Given that $a$ is an integer, compute the possibilities for $\gcd (2a^4 + 2a^2+3,2a^5+2a^3+a^2+a+3).$
Here's my work (I'm not entirely sure if it's correct).
Just to make sure we're on the same page, we say that for integers $a,b,$ $d=\gcd(a,b)$ is the integer such that $d\mid a$ and $d\mid b$ and for all $c\in\mathbb{Z}$ such that $c\mid a$ and $c\mid b,c\mid d$ (so there can be multiple possible $gcd$'s).
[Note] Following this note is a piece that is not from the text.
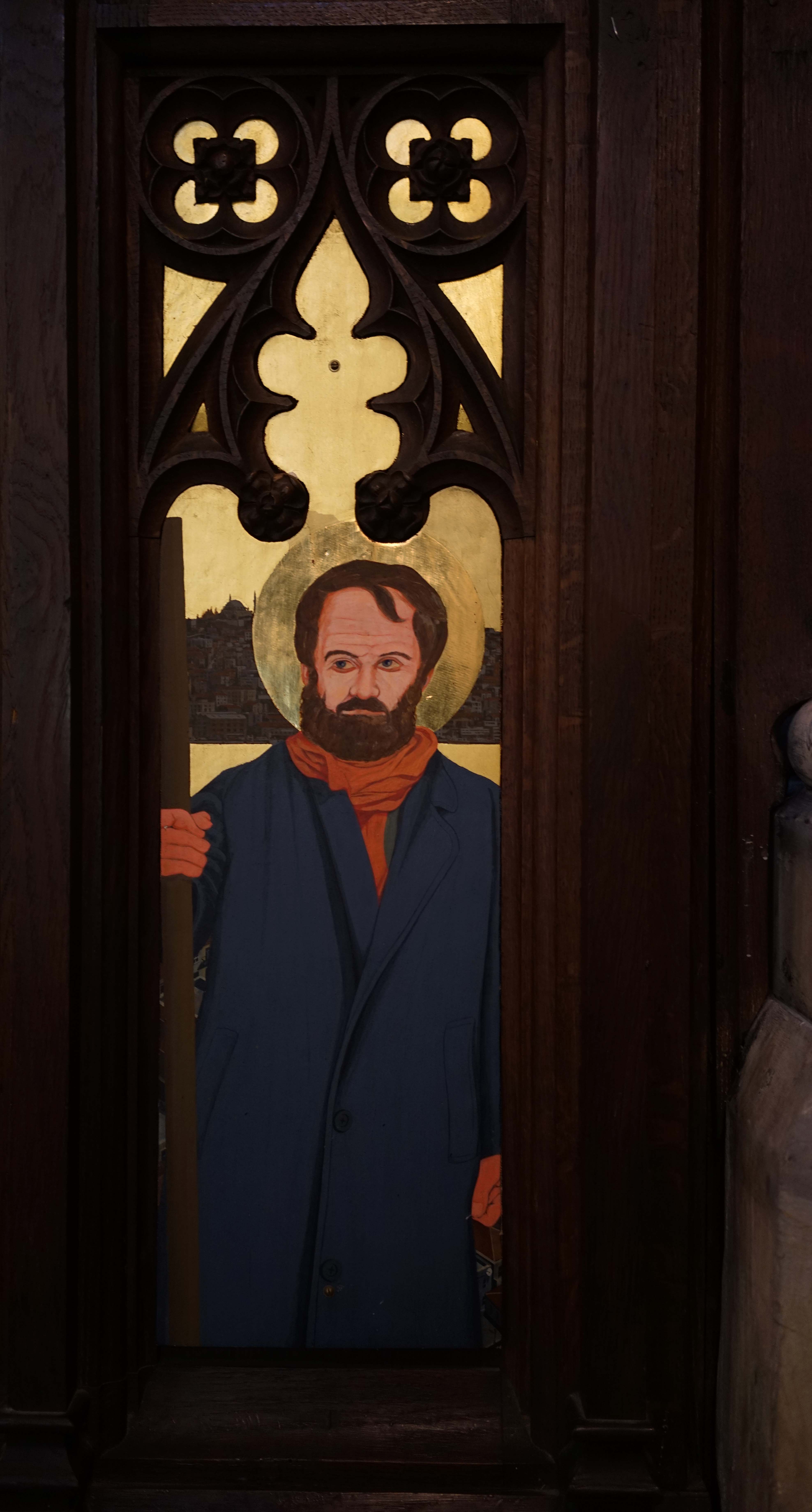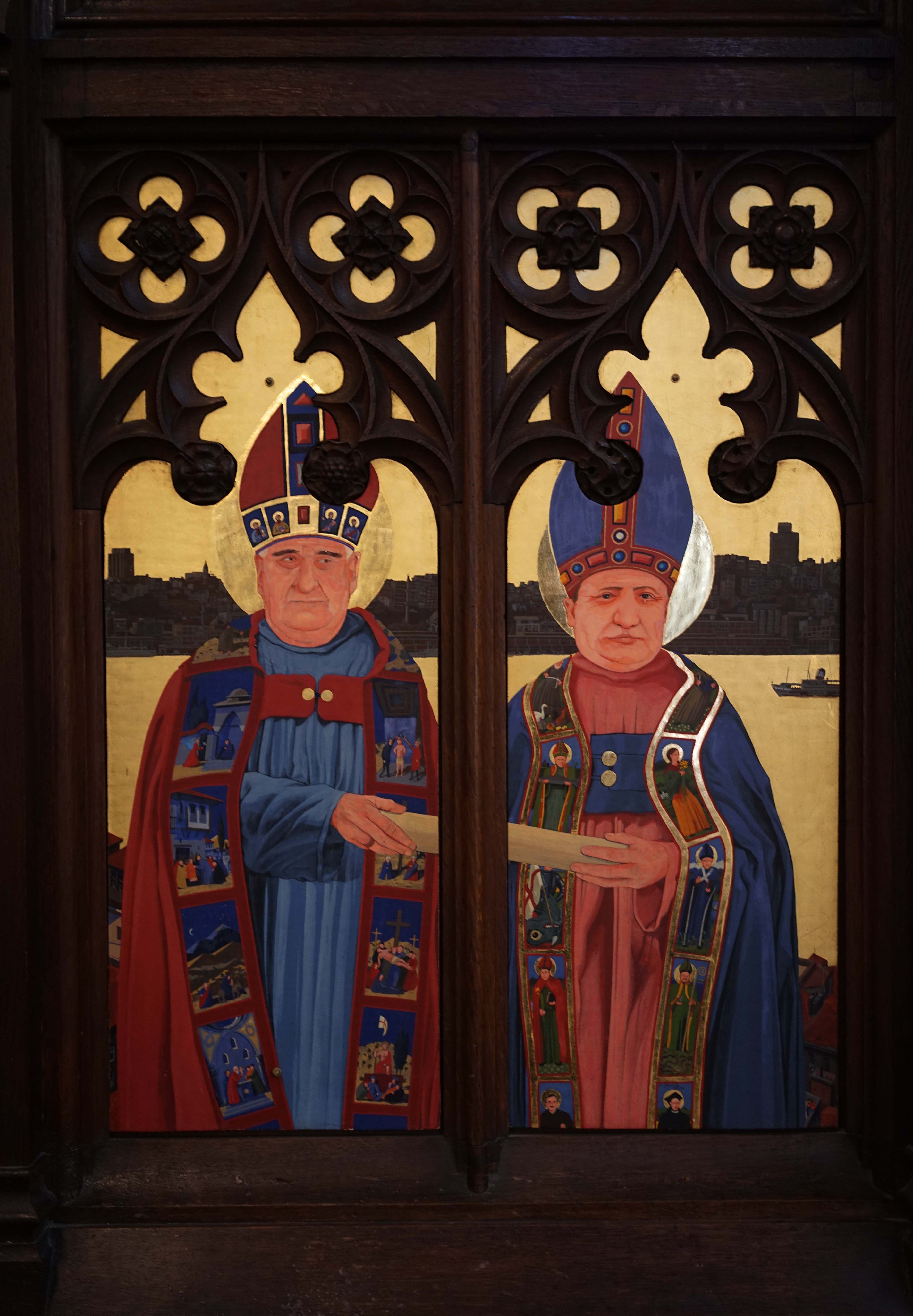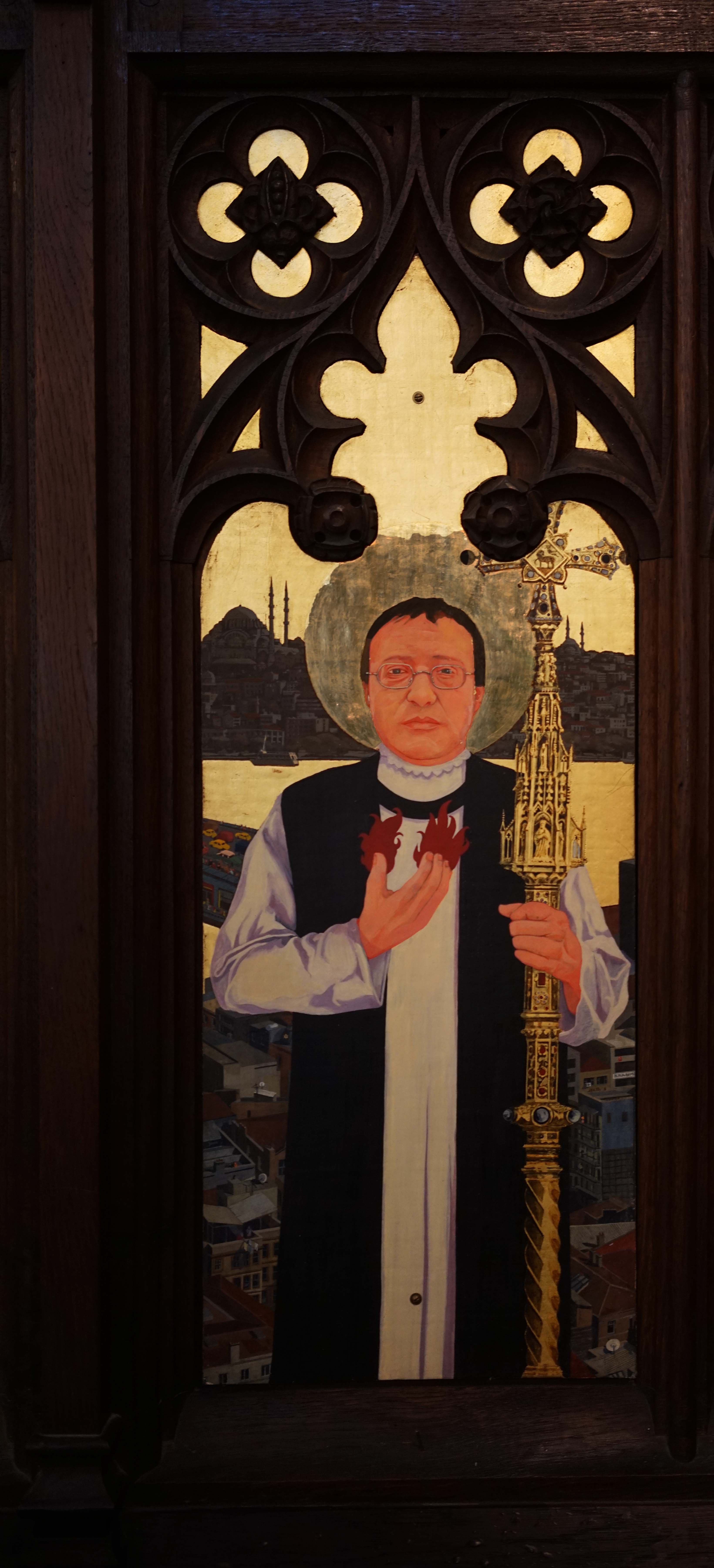On Archbishop Ramsey’s robes you can see scenes of the Gospel such as the Nativity, the Crucifixion and the Resurrection. Pope John XXIII’s robe shows the saints of the British Isles: Saints George, Andrew, David (with his daffodil) and Patrick, patron saint of Ireland (who looks a bit like me, Ian, when it was painted). St Mungo is also there. In the background you have the heavenly city of Istanbul, in fact a view of Beyoğlu. The Galata Tower is on left, and near it is Christ Church and Saint Antoine’s Church, The Marmara Hotel in Taksim is on the far right.

We use the fact that $\gcd (a,b)=\gcd(b,a-bq),q\in\mathbb{Z}.$
Dividing using the Euclidean Algorithm, we have the following:
$2a^5+2a^3+a^2+a+3=(2a^4+2a^2+3)(a)+a^2-2a+3\\ 2a^4+2a^2+3=(a^2-2a+3)(2a^2+4a+4)-4a-9\\ 4(a^2-2a+3)=4a^2-8a+12=(-4a-9)(-a+4)-a+48\\ -4a-9=4(-a+48)-201.$
Hence $\gcd (2a^5+2a^3+a^2+a+3,2a^4+2a^2+3)=\gcd (-a+48,-201)$ for all $a\in\mathbb{Z}.$ Let $f(a)=48-a, f:\mathbb{Z}\to \mathbb{Z}.$ Then since $f$ is a surjective, monic linear polynomial, the possibilities for $\gcd (-a+48,-201)$ are precisely the integer divisors of $201$ (since $\gcd$'s can be negative according to the definition).
Edit: I've edited my answer to include the proper possibilities.
Trusting on your calculations, it is enough to find the possible values of $\gcd(48-a, -201)$. Now, assume $f(a):=48-a, f:\mathbb{Z}\to\mathbb{Z}$. Since, $f$ is monic linear polynomial it is surjective. Therefore, possibilities of $\gcd(48-a, -201)$ will be all positive divisors of $201$.